_Task to carry out_
Your output must be the lines below from the line containing "- Pincelamos el" to the line containing "İngiliz vatandaşı sürücünün", both lines included, reproduced exactly and without pictures.

_Supplied data_

((

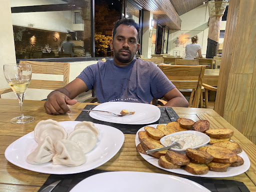 When we first arrived, we almost thought the restaurant was closed because there were no other guests inside. Luckily, a very kind waitress assured us they were still open for another hour – and we are so glad we stayed! We ordered eggplants with walnuts, roasted chicken with walnuts, traditional sausages, and Mexican potatoes, accompanied by a bottle of wine. The portions were far more than the two of us could finish – and every single dish was incredible. The chicken, in particular, was out of this world: perfectly soft on the inside yet unbelievably crunchy on the outside. Every bite was bursting with flavor, and you could tell everything was made with care. All of this, plus the wine, was just 100 GEL – amazing value for such an unforgettable meal. This was by far the best food we’ve had in Georgia, and we’ve tried plenty of places! I can’t recommend this restaurant...
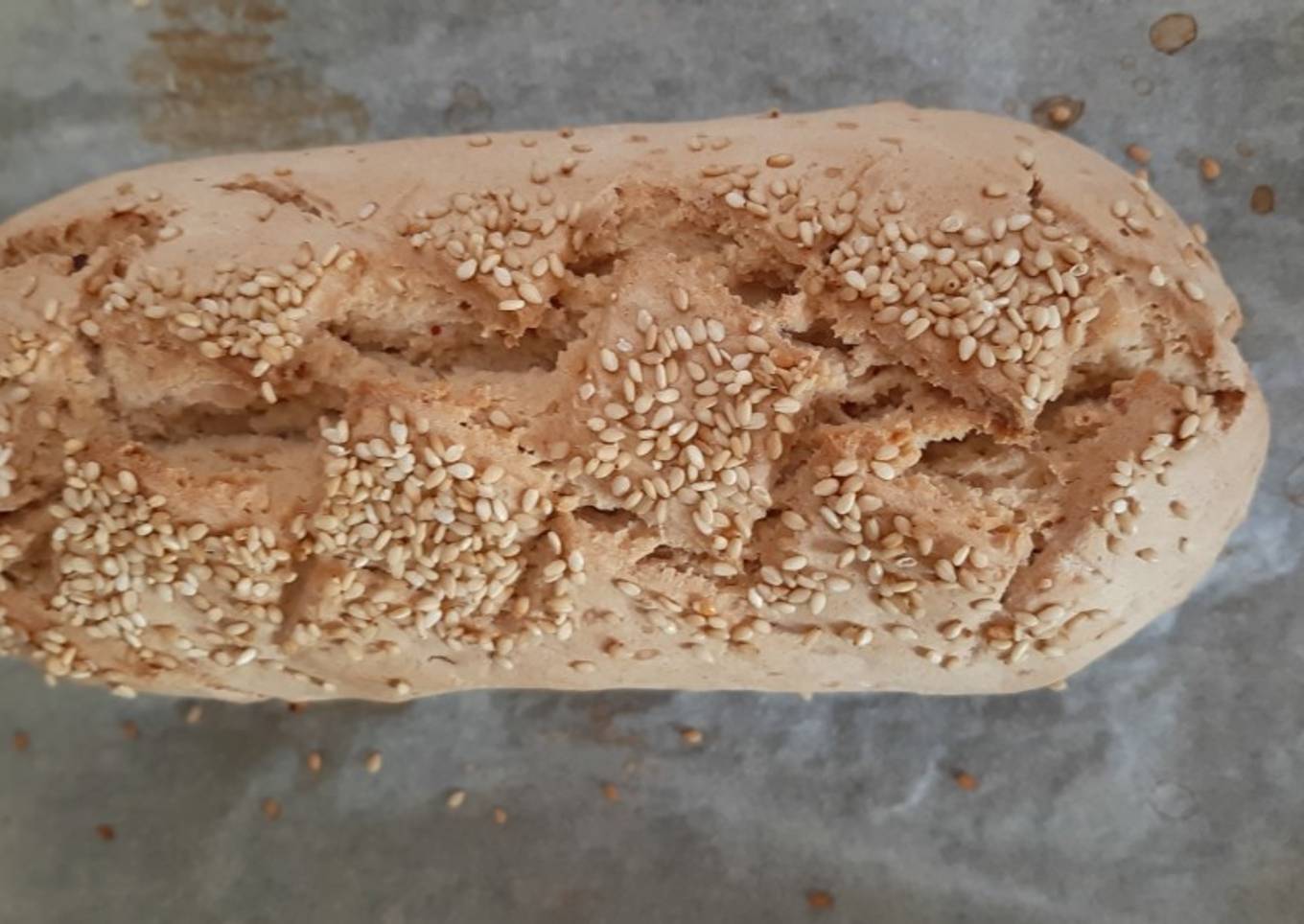 - Pincelamos el pan por encima con un poco de agua y metemos en el horno 35 minutos a 200°. Si no está hecho ponemos otros 5 minutos más y listo para comer
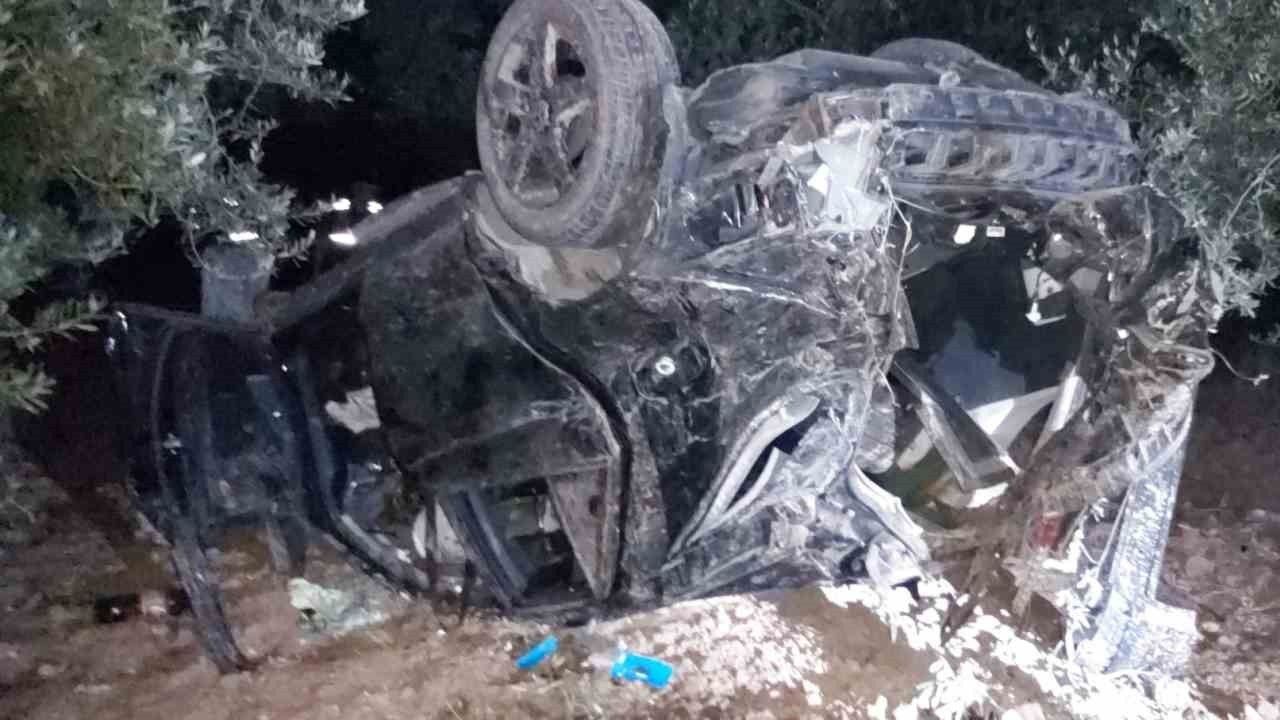 İngiliz vatandaşı sürücünün direksiyon hakimiyetini kaybetmesiyle zeytinlik içine giren araç 60 metre sürüklenip takla attı. Kazada sürüklenen otomobilin sürücüsü ağır yaralandı.
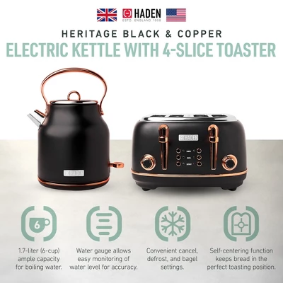 Upgrade your morning with the Haden Heritage 4-Slice Wide Slot Toaster and Electric Kettle. The sleek, durable housing is a hallmark of modern kitchen convenience and their simple beauty is a perfect addition to any countertop. Featuring 4 extra-wide slots, the electric toaster fits a wide range of bread, from standard-sized to thick artisanal slices. The 4 slot toaster’s self-centering function helps keep your bread and bagels perfectly positioned for even toasting, while the adjustable browning control empowers you to tailor the toastiness to your liking. The cancel, defrost, and bagel features of the bagel toaster adapt to your needs for added convenience. Cleanup is easy with the removable crumb trays that trap any residue, maintaining the toaster’s fresh and clean appearance and functionality. This water boiler is perfect for everything from boiling water for tea to craft coffee makers. Thanks to the 1.7-liter body, equivalent to 7 cups, you can heat up or boil up to 1.7 liters of water at a time. The electric kettle for boiling water is designed with a 360-degree base, too, which ensures it will not tip over and spill hot water. Utilize the indicator light to know when the water in the electric pot is fully boiled. Additionally, the boil-dry cut-off protection adds an extra layer of safety to keep the stainless steel kettle from operating without water. If you forget to turn the tea kettle off, the auto shut-off feature will take care of that for you. Inspired by British homes, architecture, and landscapes, this HADEN Heritage toaster and kettle feature a chic Black & Copper color scheme.The HADEN Toaster and Kettle embody the fusion of innovation and modern functionality. Add these appliances to your kitchen necessities and take your morning to the next level.

))

_Answer space_
 - Pincelamos el pan por encima con un poco de agua y metemos en el horno 35 minutos a 200°. Si no está hecho ponemos otros 5 minutos más y listo para comer
 İngiliz vatandaşı sürücünün direksiyon hakimiyetini kaybetmesiyle zeytinlik içine giren araç 60 metre sürüklenip takla attı. Kazada sürüklenen otomobilin sürücüsü ağır yaralandı.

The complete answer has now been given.